▸ EXERCISE PROMPT: Whenever a line in the entries includes the word "Wagons", copy that line out.

[Collected data]
——————————
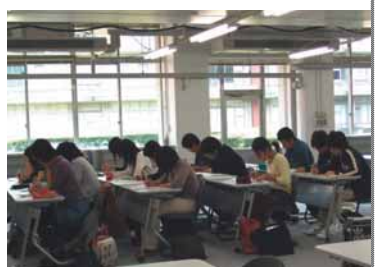
▲薬物動態制御学研究室の4年生の皆さん

「CBT対策や国家試験対策を中心に利用するつもりですが、後は学年に関わらず学習や授業に利用できるように検討しています。」
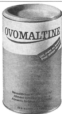
Dr A. Wander S.A. Berne

W. Oertli Ing. SA, 1005 Lausanne, Téléphone 021 - 225517
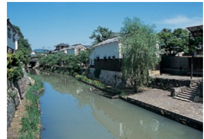
【近江八幡】観光のシンボル・八幡堀
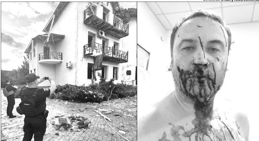
Опозиційний росіянин після атаки зазнав осколкових поранень.

Про удар по його будинку «Шахедами» Ілля Пономарьов також підтвердив у дописі на своїй сторінці у соцмережі. Російський опозиціонер написав, що це ще один день його народження. «П'ята спроба нападу була найбільш нещадною та успішною, проти якої було важко захиститися. Але дзуські їм!», – зазначив Пономарьов.
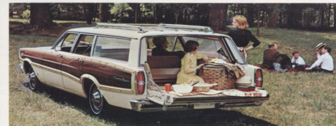
NU IS HET EEN LAADKLEP! Als u de laadvloer langer wilt hebben, om als laadvloer of voor lange lading te gebruiken (ladders, planken, oppervlakt tapijt) kunt u Ford's nieuwe „toverdeur” laten neerklappen, zodat u ruim 60 cm laadlengte wint. Alwis... zo'n unieke Ford-vondst die standaard is op alle '66 Ford Station Wagons.

Extra groot en ruim zijn deze Station Wagons: maar liefst 2,9 m 3 laadruimte, en daar gaat alles in, van lange ladders tot stapels houtplaten plat-op-de-vloer. De rijkwaliteit van de Ford Station Wagons kan het beste worden vergeleken met de Ford Sedan — dezelfde geruisloosheid, soepelheid, en gemakkelijke bestuurbaarheid. Er zijn nieuwe extra's leverbaar die net zo opwindend zijn als de 1966 Fords zelf. Nieuwe 345 pk Thunderbird 428 V-8 motor... bekrachtigde schijfremmen vóór... verstelbaar imperiaal... Stereo-sonic Tape systeem... en nog veel meer.
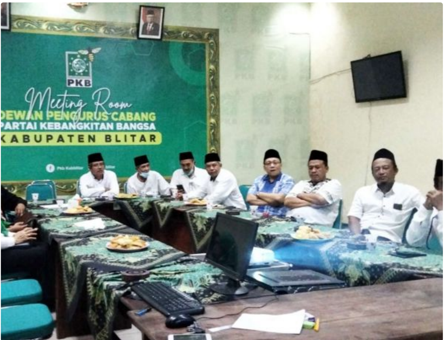
Acara Live Streaming DPC PKB Kabupaten Blitar dengan DPW PKB Jawa Timur

BLITAR - Istighosah malam hari ini dalam rangka Peringatan Harlah NU Ke 98 Tahun Hijriyah yang di adakan oleh Dewan Pimpinan Wilayah (DPW) Partai Kebangkitan Bangsa (PKB) Jawa Timur. Dengan tujuan untuk mendoakan
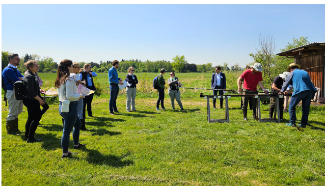
Am Puls der Zeit – Fortbildungsreihe für bayerische Spitzenbeamte in Sonderfunktionen.

Die Teilnehmer erhalten in einem eintägigen Seminar in knapper und prägnanter Form Einblicke und Impulse zu aktuellen Themen aus Wissenschaft, Wirtschaft, Kultur und Gesellschaft. Zum anderen werden Aspekte aufgegriffen, die den Arbeitsalltag in besonders belasteten Spitzenpositionen betreffen. Gleichzeitig bietet das Seminar einen Erfahrungsaustausch innerhalb dieser stark spezialisierten Zielgruppe sowie eine informelle Kontaktpflege. Wechselnde Seminarorte ermöglichen Einblicke in kulturelle, wissenschaftliche und weitere interessante Institutionen.
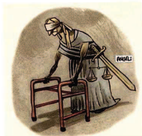
Charge do cartunista Angeli

A duração razoável do processo é garantia constitucional que, além de proteger a dignidade humana, não permitindo que o acusado sofra indeterminadamente restrições de direitos e de liberdade à míngua de uma resposta estatal definitiva, promove a pacificação social, combatendo a impunidade e dando a justa resposta aos atos ilícitos cometidos.
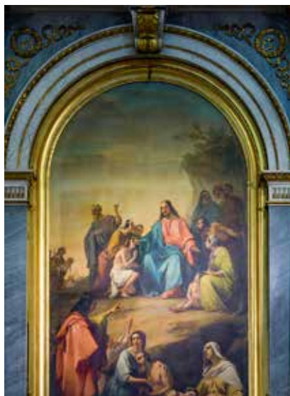
Altare del Santissimo Sacramento Pala di Michelangelo Grigoletti Duomo Nuovo - Brescia Le Beatitudini

Diventa indispensabile interrogarci sul significato della parola “beato”. È la situazione in sé a rendere beati, oppure è beato colui che sa cogliere la
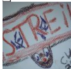
2. Türchen - Der verzweifelte Weihnachtsmann - Tropische Weihnacht
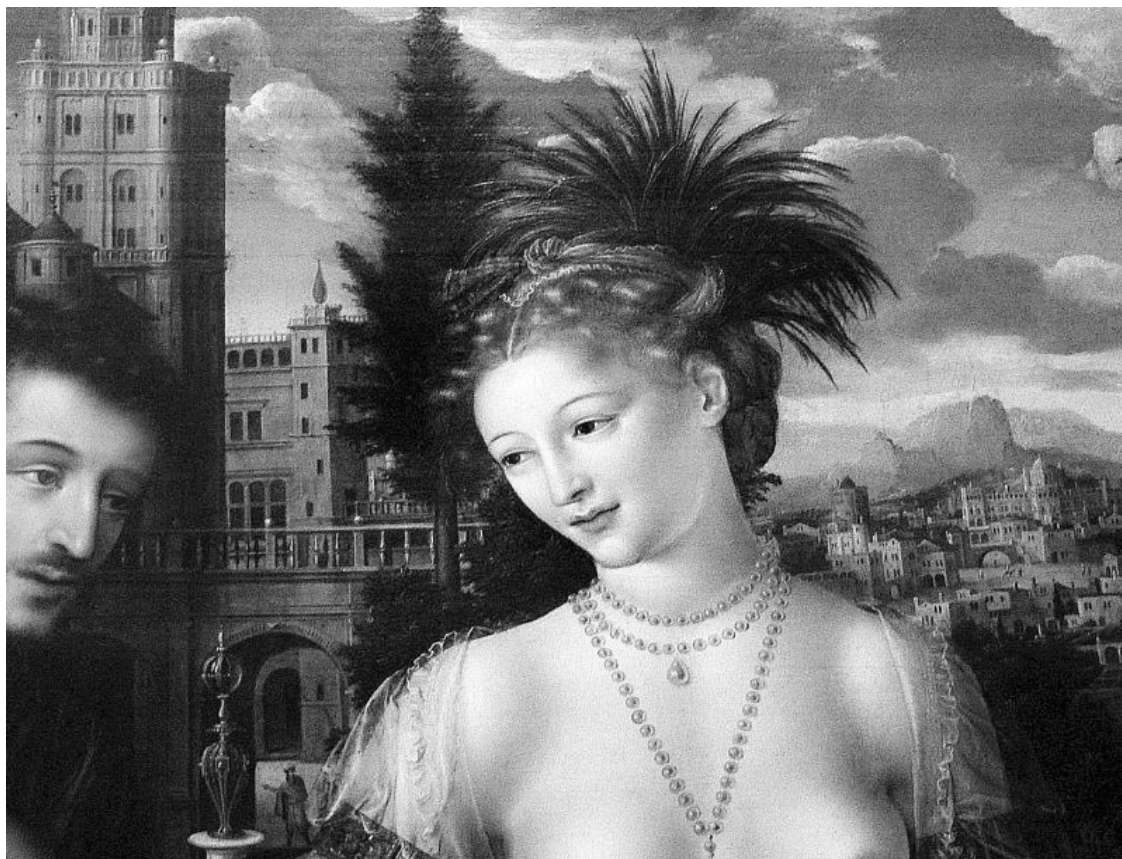
Ян Массейс. Давид и Вирсавия. 1562 г.

Давид был сильным и умным правителем. Но безгрешным человеком его никак не назовешь. Один из самых недостойных его поступков – он соблазнил Вирсавию – жену военачальника Урии. Увидел ее купающейся, был потрясен ее красотой. По некоторым данным, у него и так было уже около десяти жен и десяти наложниц. Но Вирсавия его покорила. Она ждала ребенка от Давида, когда вернулся с войны Урия и, прослышав, что случилось, отказался войти в свой дом. Давид прогневался и велел отправить Урию обратно на войну, причем в такие места, где он неминуемо погибнет. Так и произошло.
——————————
▸ ANSWER FOR THIS EXERCISE:
NU IS HET EEN LAADKLEP! Als u de laadvloer langer wilt hebben, om als laadvloer of voor lange lading te gebruiken (ladders, planken, oppervlakt tapijt) kunt u Ford's nieuwe „toverdeur” laten neerklappen, zodat u ruim 60 cm laadlengte wint. Alwis... zo'n unieke Ford-vondst die standaard is op alle '66 Ford Station Wagons.
Extra groot en ruim zijn deze Station Wagons: maar liefst 2,9 m 3 laadruimte, en daar gaat alles in, van lange ladders tot stapels houtplaten plat-op-de-vloer. De rijkwaliteit van de Ford Station Wagons kan het beste worden vergeleken met de Ford Sedan — dezelfde geruisloosheid, soepelheid, en gemakkelijke bestuurbaarheid. Er zijn nieuwe extra's leverbaar die net zo opwindend zijn als de 1966 Fords zelf. Nieuwe 345 pk Thunderbird 428 V-8 motor... bekrachtigde schijfremmen vóór... verstelbaar imperiaal... Stereo-sonic Tape systeem... en nog veel meer.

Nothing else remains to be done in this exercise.